In an ideal world, a rapid standardisation project might be able to provide ‘good enough’ categories for data collectors to start with, but then offer them some level of flexibility so that individual data collection exercises can address their local user needs by adapting core categorisations.

Semantic standards such as SKOS have a lot to offer to efforts to bring together data using heterogenous classification schemes: allowing not only hierarchical relationships (i.e. the ability to add a ‘narrower’ concept under a headline category), but also broad and narrow matches between neighbouring concepts.
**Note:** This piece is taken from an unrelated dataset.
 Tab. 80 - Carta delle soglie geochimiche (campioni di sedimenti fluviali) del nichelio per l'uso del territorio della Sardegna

However, tools and skills for working well with this kind of data and classification structure are, in my experience, quite scarce.

Meta-data matters

One of the most important things to help intermediaries align different datasets is ‘data about the data’. Knowing who collected a dataset (ideally with ability to contact them), knowing when and where it was collected, and ideally having pointers to the survey forms or data collection instruments used can make the process of ingesting and reconciling disparate datasets at lot, lot easier.

Conventions like MetaTab provide an easy way to get started providing standardised meta-data when circulating spreadsheets, and there are well established standards for meta-data in most domains.
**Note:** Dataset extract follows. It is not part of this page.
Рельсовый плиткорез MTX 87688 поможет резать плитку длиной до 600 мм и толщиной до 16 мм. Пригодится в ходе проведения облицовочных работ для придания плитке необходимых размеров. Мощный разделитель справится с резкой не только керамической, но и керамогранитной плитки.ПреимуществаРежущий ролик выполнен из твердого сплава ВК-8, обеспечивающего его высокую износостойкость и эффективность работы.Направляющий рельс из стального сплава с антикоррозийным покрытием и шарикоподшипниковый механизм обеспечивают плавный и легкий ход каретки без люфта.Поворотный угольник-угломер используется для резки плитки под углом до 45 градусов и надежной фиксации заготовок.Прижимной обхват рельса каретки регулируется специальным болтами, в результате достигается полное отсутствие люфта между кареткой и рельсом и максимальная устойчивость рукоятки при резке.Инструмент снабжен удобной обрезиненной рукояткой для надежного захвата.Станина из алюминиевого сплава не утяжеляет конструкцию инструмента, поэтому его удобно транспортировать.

Meta-data should also include clear information on restrictions or permissions that apply to re-use of a dataset, which brings me onto:

Don’t forget standards of data governance

The first question to ask before making use of any dataset that might contain sensitive information from individuals or organisations is: do I have the right to use this data? Does using or sharing this data (or analysis based on it), put anyone at risk?

As the responsible data initiative puts it, there is a:

…collective duty to account for unintended consequences of working with data by:

1) prioritising people’s rights to consent, privacy, security and ownership when using data in social change and advocacy efforts,

2) implementing values and practices of transparency and openness.

Working out early on a set of shared procedures for assessing the need for, obtaining and recording consents from data subjects for data sharing and re-use can avoid hitting barriers later on. This might take a number of forms, such as:

  • Suggested privacy policy terms that describe how data might be shared and re-used;
  • Identifying the different states that consent might take (.e.g. consent for data to be ‘shared’ with identified partners, or consent for non-personal data to be ‘open’ – drawing on the ODI’s data spectrum and how these should be encoded in each relevant row of a dataset;
  • Adding a section to meta-data templates for those sharing data to indicate who else data can be shared with, and if any fields should be masked from an open version of a dataset.

Standards are about people

Lastly, but by no means least – it is important to think of standards as a process, not a product. That documentation I mentioned at the start? That’s not for users: that’s for you. Because most of the time people don’t read documentation: they don’t have the time, or don’t know where to start. In reality, most of the standards I’ve worked on require conversations, engagement and feedback to help people align their data with them.

If someone is designing a data collection survey, the prime opportunity for standardisation is between their first draft, and it going out in the field. If you can get into a conversation then, and provide prioritised feedback on how it can align more with the documented standard, how it could incorporate some ‘key fields’ that will unlock other data, or how the consent questions could be worded to be compatible with shared data governance, then you have a chance of the data that flows from that data collection will be possible to bring together as part of a wider aligned insight datasets.

In all the standards I’ve worked on, the ‘Helpdesk’ team have been as vital as the documentation and schema to making standards truly work as tools of coordination and collaboration.